My partner has a 2 year old daughter whom he hasn't seen in over a year because her mother refuses him visitation. My partner pays $600+ a fortnight in child support and she just denies him access. At first, when he was allowed to see her, it was only for a few hours a day (they broke up before the baby was born), then it dwindled to an hour or so every few days, then the excuses started coming.

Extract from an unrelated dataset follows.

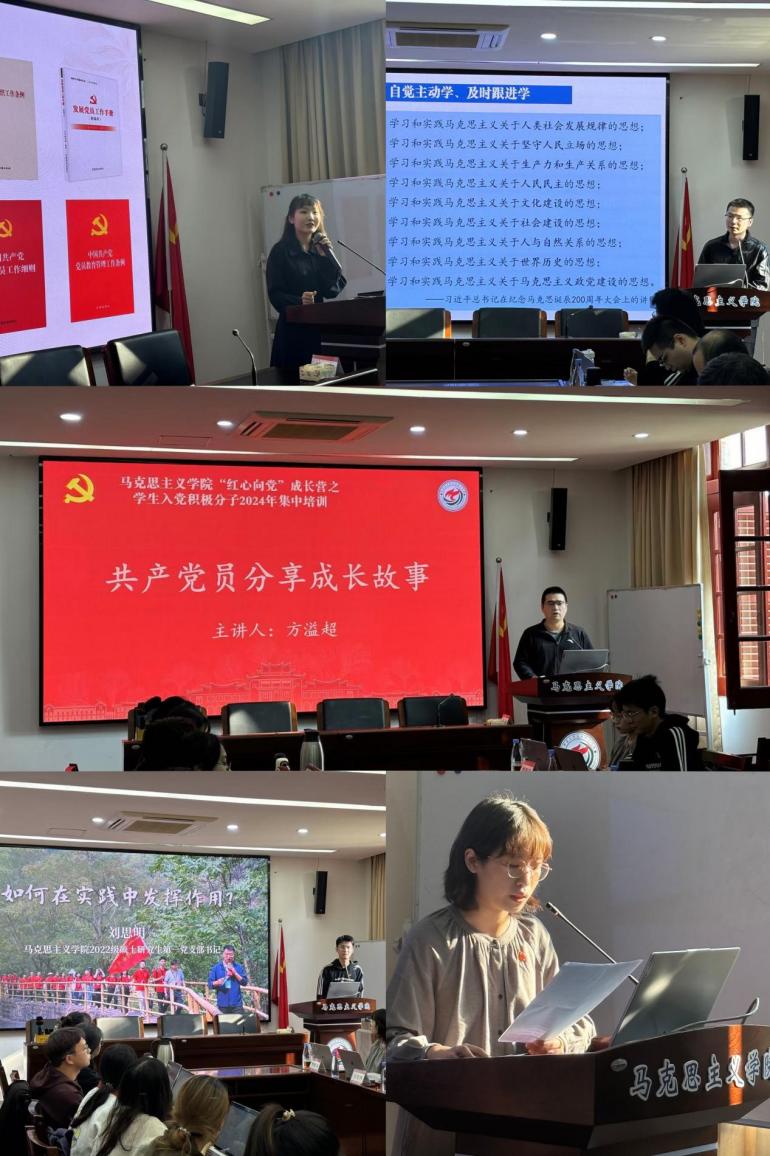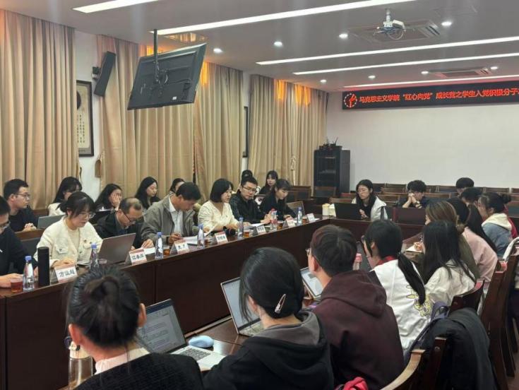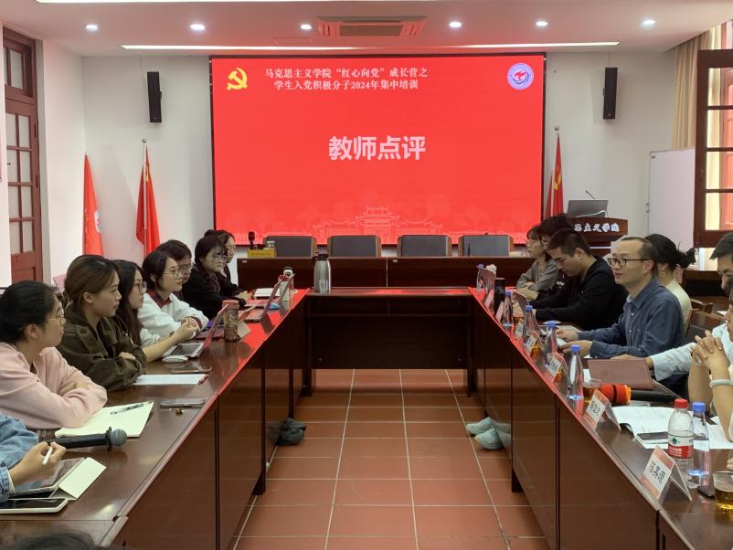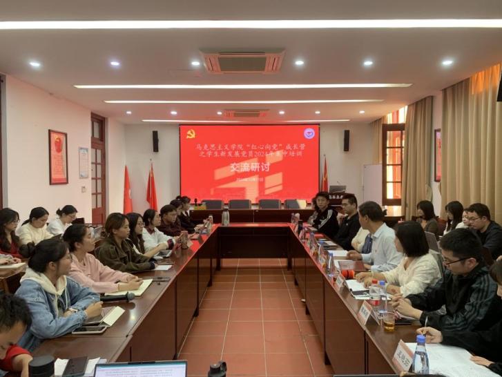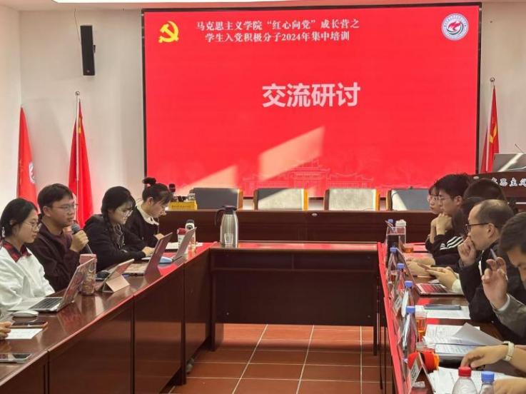 为深入学习贯彻习近平新时代中国特色社会主义思想,贯彻落实党的二十届三中全会精神,进一步提高入党积极分子的思想政治素质,端正入党动机,坚定理想信念,2024年12月11日下午,马克思主义学院党委在囊萤楼216会议室举行“红心向党”成长营之学生入党积极分子2024年集中培训班交流研讨活动。学院党委副书记刘晓峰、2024级硕士研究生班主任史勤、学院党务秘书江春萍以及5位优秀学生党员出席活动,全体入党积极分子参加活动。本次活动由学院团委书记侯佳君主持。
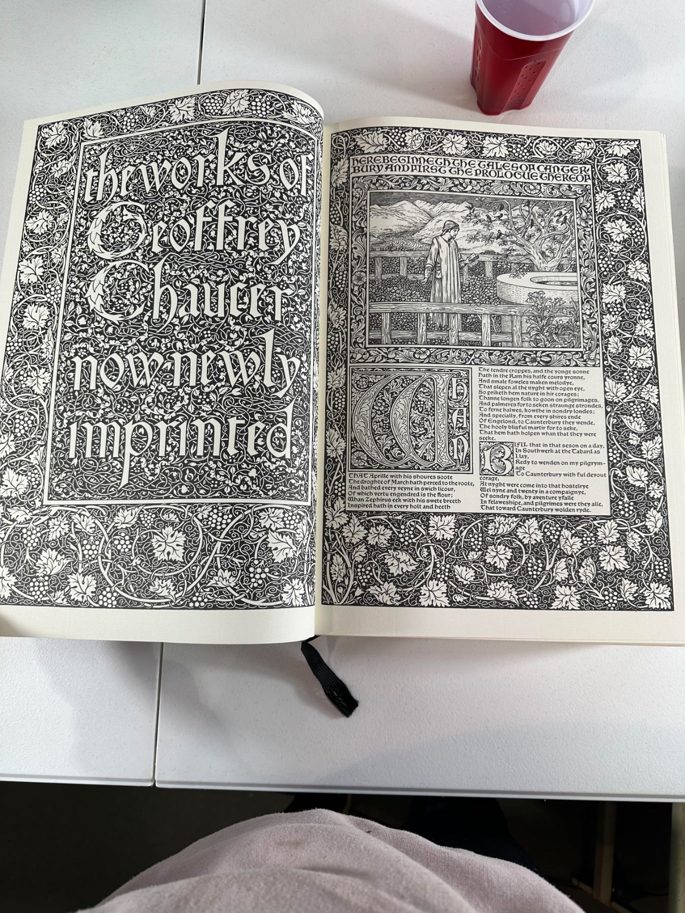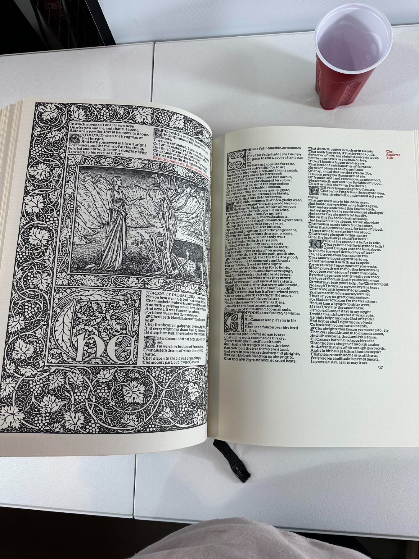 Folio Society facsimile of William Morris’s 1896 Kelmscott Press Chaucer - Decorative gilt-covered binding; housed in matching slipcase - Publisher: The Folio Society, London; high‑quality reproduction - Era: late 20th century - Condition: excellent overall; minor slipcase wear 17"H x 12"W

"I have to go pick the boys up from school, you have to leave". And when he would say he would stay with the little one more excuses, until one day she just refused access altogether. I know he is devastated even though he keeps a strong front in front of myself and my little girl but I know it eats him up inside. When he was in between jobs recently he missed 2 child support payments, undertandably, and for the first time in almost a year she contacted him, just to abuse him for not paying her, even though she lives very comfortably off of Centrelink (3 children, full care), the other child support payments from her other children's father (good paying job, so payments are quite large) and the fact she doesn't pay rent as she still lives with her mother. He still buys her presents every chance he gets but after then being either sent back or thrown out he no longer tries to give them to her, he keeps them instead for the day he can give them to her without them being discarded and to show he he never forgot about her no matter what her mother said. His mother does the same, she's her first grandchild and she is also devastated. He wants to start the process of mediation but doesn't know where to start. I don't know what I'm actually asking but it baffles me as to why women do this without cause? He is an amazing father, he has never ever put the child or her mother in danger nor made them feel unsafe so how can this keep happening! where do we start? Who do we contact? Thanks.
Partner pining for his child.
Partner pining for his child.
Posted in:
Kids

3 Replies
Google family dispute resolution in your state.
I would stop paying. Why pay for a child he never sees?
Then when the mum kicks up a stink you re-negotiate the terms.
She simply cannot refuse a father to see his child.
If the daughter lives near to you your partner can just go over and see her, after all shes his child and he has just as much right as the mother.